Could you write out, exactly and with no pictures, every line from the one containing "Maleri maritimt motiv" through the last line of the entries?

═════ EXCERPTED RECORDS

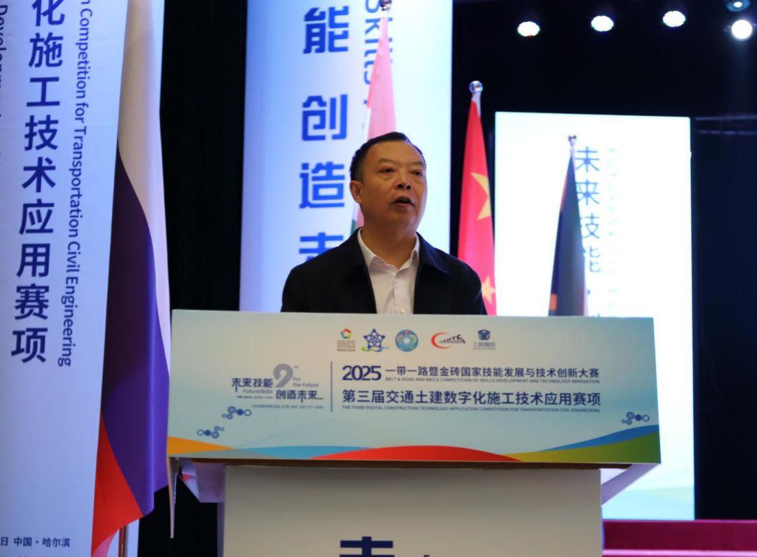 赵立新代表黑龙江省教育厅祝贺大赛举办。她指出,金砖大赛是国际教育合作与技能互鉴的重要平台,本届聚焦交通土建数字化施工,紧扣产业前沿,对培养复合型技术技能人才意义深远。黑龙江作为老工业基地与向北开放门户,积极融入“一带一路”,深化教育国际交流。省教育厅始终重视技能大赛,鼓励院校参与金砖等高水平赛事,推动技术进步与人才培养模式创新。她寄语选手赛出风格水平,院校以赛促教,深化教改,增进国际青年友谊。
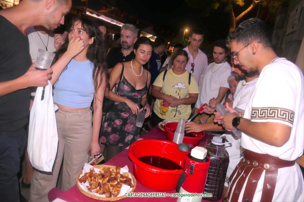Esta vez, la feria de los sabores romanos fue toda de madrugada, pues la entrada de Emilia Paula en la vía romana estuvo más cerca de la una que de la medianoche, lo que restó degustadores de todos los productos que se ofrecían de forma gratuita en las 25 legiones, pero, aún así, fueron cientos los comensales.
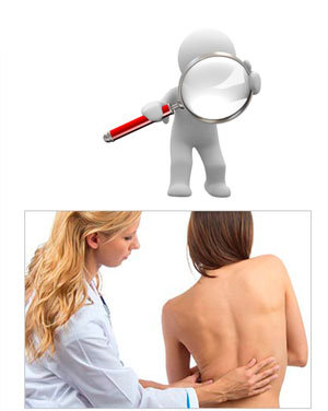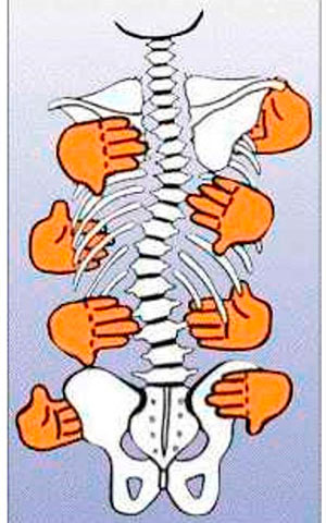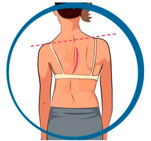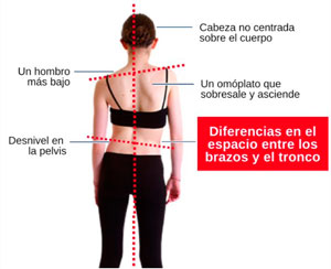 La columna vertebral vista de frente o de espalda debe estar recta. Cuando aparece una escoliosis se aprecia un desplazamiento lateral de la columna hacia la derecha o hacia la izquierda de más de 10º asociada a una rotación vertebral.
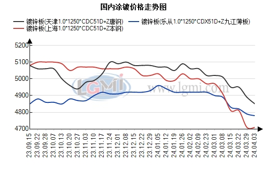4月3日国内涂镀板卷价格主稳个调。据兰格钢铁云商平台监测数据显示:现国内重点城市1.0mm镀锌板平均价格4797元,较上一个交易日价格涨3元。其中,天津1.0mm镀锌板价格5120元,较上一交易日价格持平;上海1.0mm镀锌板价格4710元,较上一交易日价格持平;乐从1.0mm镀锌板价格4850元,较上一交易日价格涨10元。现国内重点城市0.47mm彩涂板平均价格5870元,较上一个交易日价格跌10元。其中,天津0.47mm彩涂板价格5150元,较上一交易日价格持平;上海0.47mm彩涂板价格6500元,较上一交易日价格持平;广州0.47mm彩涂板价格6200元,较上一交易日价格跌100元。
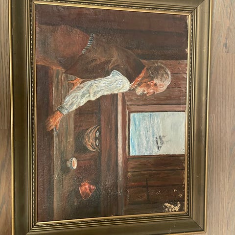Maleri maritimt motiv med seilbåt i gullfarget ramme
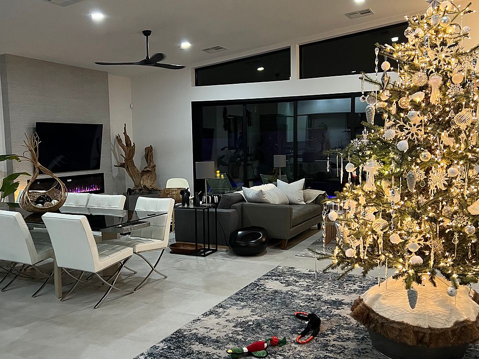 The true custom kitchen is a showstopper, featuring Dacor appliances, sleek cabinetry, & a spacious waterfall island-a striking centerpiece for this contemporary home. Designed for effortless elegance, the open floor plan boasts high ceilings, 2 linear fireplaces, & an abundance of natural light. Large-format block-like porcelain tile flooring enhances the home's clean, modern aesthetic. All 3 bedroom have king size beds and Samsung 4k TV, each is a private ensuite with custom-designed walk-in closets.

══════════

TASK RESULT:
Maleri maritimt motiv med seilbåt i gullfarget ramme
 The true custom kitchen is a showstopper, featuring Dacor appliances, sleek cabinetry, & a spacious waterfall island-a striking centerpiece for this contemporary home. Designed for effortless elegance, the open floor plan boasts high ceilings, 2 linear fireplaces, & an abundance of natural light. Large-format block-like porcelain tile flooring enhances the home's clean, modern aesthetic. All 3 bedroom have king size beds and Samsung 4k TV, each is a private ensuite with custom-designed walk-in closets.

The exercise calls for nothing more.